The Centre for Interdisciplinary Research in Computational Algebra (CIRCA) was established in 2000 to foster new and existing collaborative research between members of the Schools of Computer Science and of Mathematics and Statistics in the area of computational abstract algebra.

The Centre undertakes mathematical research with computer assistance, develops new techniques for computation in abstract algebra and develops and distributes software implementing these techniques. This work is supported by research grants from EPSRC, the Leverhulme Trust, the Royal Society, the British Council, the European Commission and the Royal Society of Edinburgh.

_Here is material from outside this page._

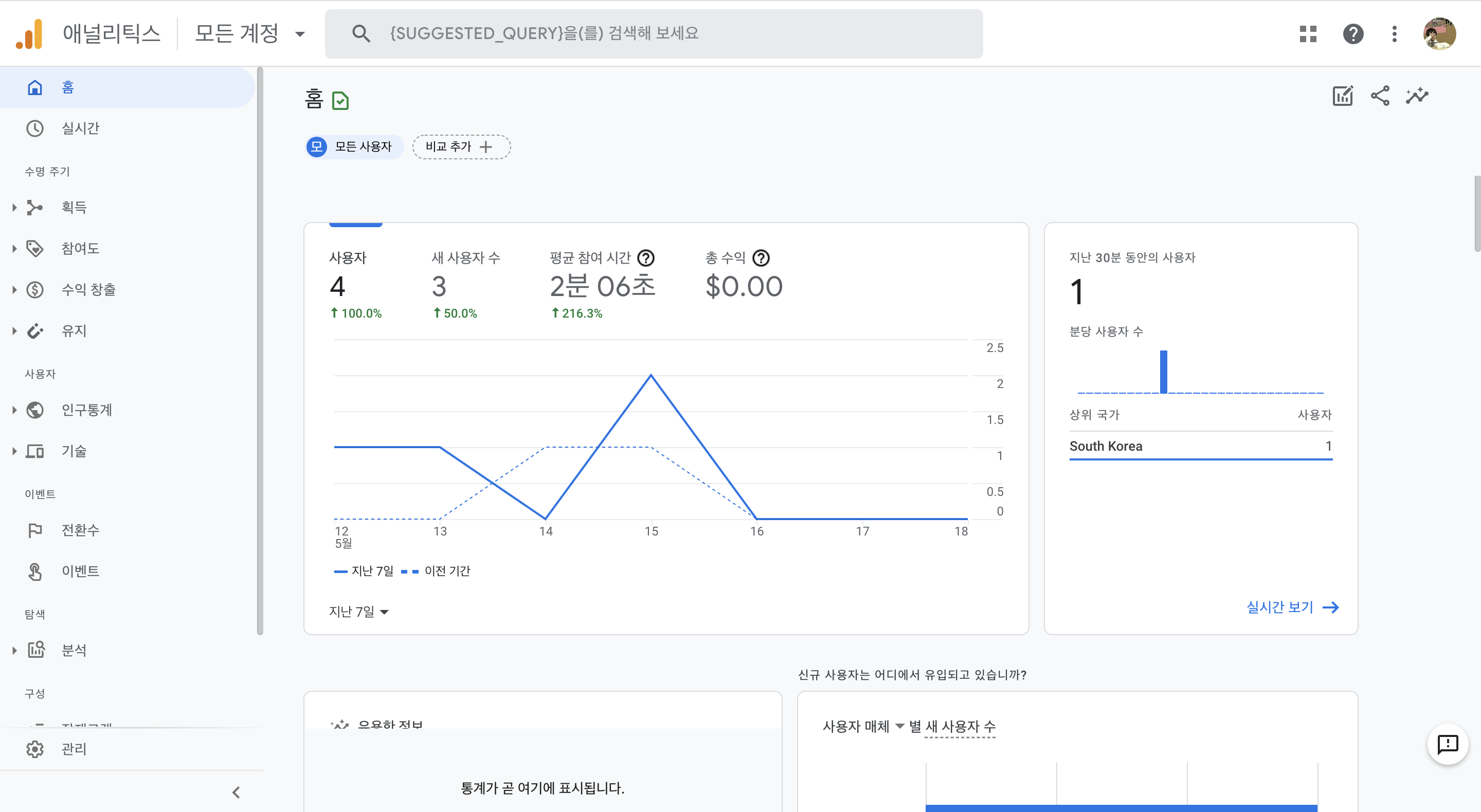 이제 구글 애널리틱스에서 방문자 수 추적을 위한 설정이 모두 끝났습니다. 추적이 잘 되고 있는지 확인하려면 방문자가 발생해야 하는데, 제 사이트는 하루에 10명 내로 방문하는 소소소소규모 사이트라서 추적이 되는지 확인하는데 조금 시간이 걸렸습니다😥 아래는 오늘 제가 캡쳐한 애널리틱스 홈 화면입니다.

The Centre also organises conferences, seminars and training courses and plays a significant role in the international efforts to develop maintain and promote the GAP (groups, algorithms and programming) software package, a leading integrated system for computational discrete mathematics and algebra.

News and Events

CIRCA seminar April 11th

The last CIRCA seminar of the semester will be on April 11th. Ian Gent and Jiaping Lu wil speak.

Jiaping’s title Generation of Iterated Wreath Products of Almost Simple Groups

Ian’s title Dominances in Single Player Games

Ian’s abstract Recently we have spent much time thinking about how to model and solve single player games using constraint solving and planning. Examples are patience/solitaire card games and also the classic arcade puzzle game Puzznic. For these games a key technique to reduce search is to exploit “dominances”. A dominance is a situation where we can ignore considering some moves because they are dominated by other possibilities: the ignored moves might lead to a solution but if they do the dominant moves must do as well. I will talk about the kinds of dominance that arise in these games.

CIRCA seminar March 28th

There will be a CIRCA lunchtime seminar on 28th March at 1pm in Theatre D of Maths.

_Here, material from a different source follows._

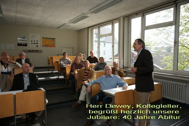 Wir haben uns am 24. April 2010 im - für uns "neuen" - Riehl-Kolleg getroffen. Dort wurden wir vom Schulleiter, Herrn Dewey, und unserem ehemaligen Mathematiklehrer, Herr Klaus Flügel, herzlich empfangen und durch die Schule geführt. Zur Freude aller konnten wir Einblick in unsere Abiturarbeiten nehmen.

David Stewart (University of Manchester) will speak.

Title: You need 27 tickets to guarantee a win on the UK National Lottery (Jt with David Cushing)

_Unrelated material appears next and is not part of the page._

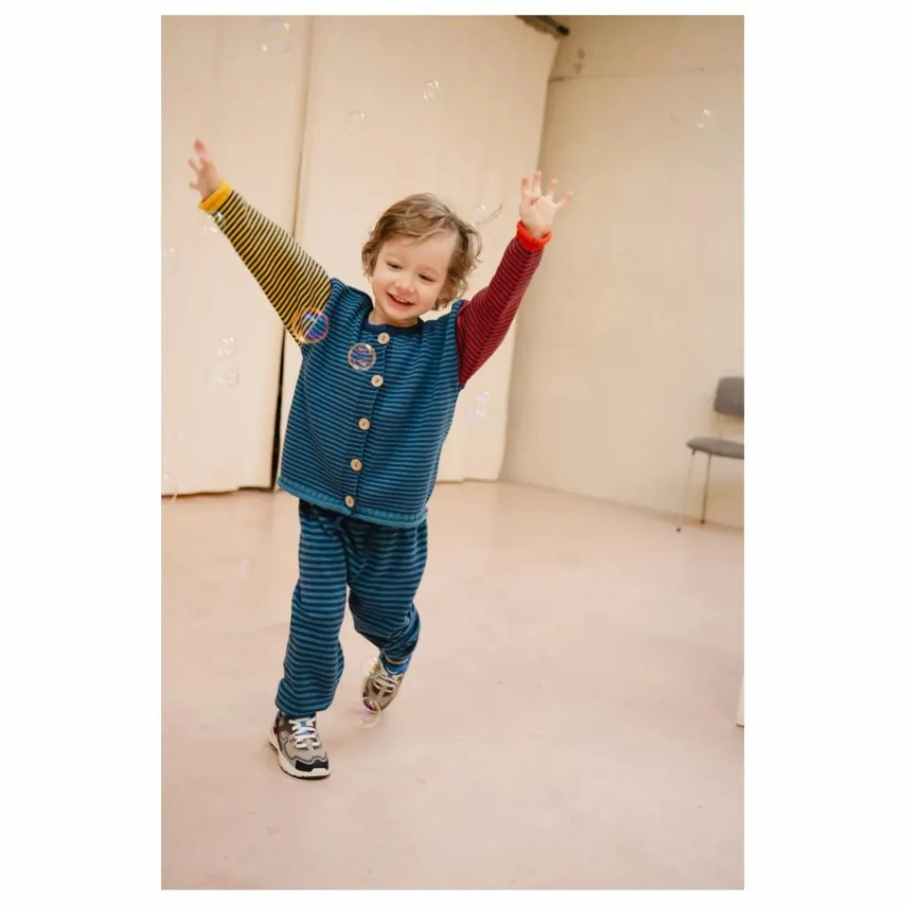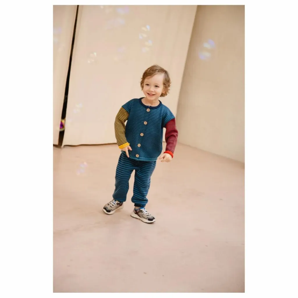 - Notre cardigan signature à rayures multicolores ! Une forme large, des épaules dégagées et de gros boutons en noix de coco 🙂

Abstract: The authors came across the problem of finding minimal lottery design numbers j=L(n,k,p,t); that is, a set B_1, …, B_j subsets of {1,..,n} each of size k, such that for any subset D of {1,..,n} of size p, one finds an intersection D\cap B_i with at least t elements. In the context of a lottery, n represents the. number of balls, k the number of choices of balls on a ticket, p the size of a draw.
For the UK national lottery, n=59, k=p=6 and one gets a (rather meagre) prize as long as t is at least 2.
Using the constraint solving library in Prolog, we calculated j for k=p=6, t=2 and n all the way up to 70. For example L(59,6,6,2)=27. This is the second paper where we have aimed to show the value of Prolog and constraint programming in pure mathematics.
I’ll give an overview of constraint programming, logic programming in Prolog, and describe how we used these tools to solve the problem described in the title.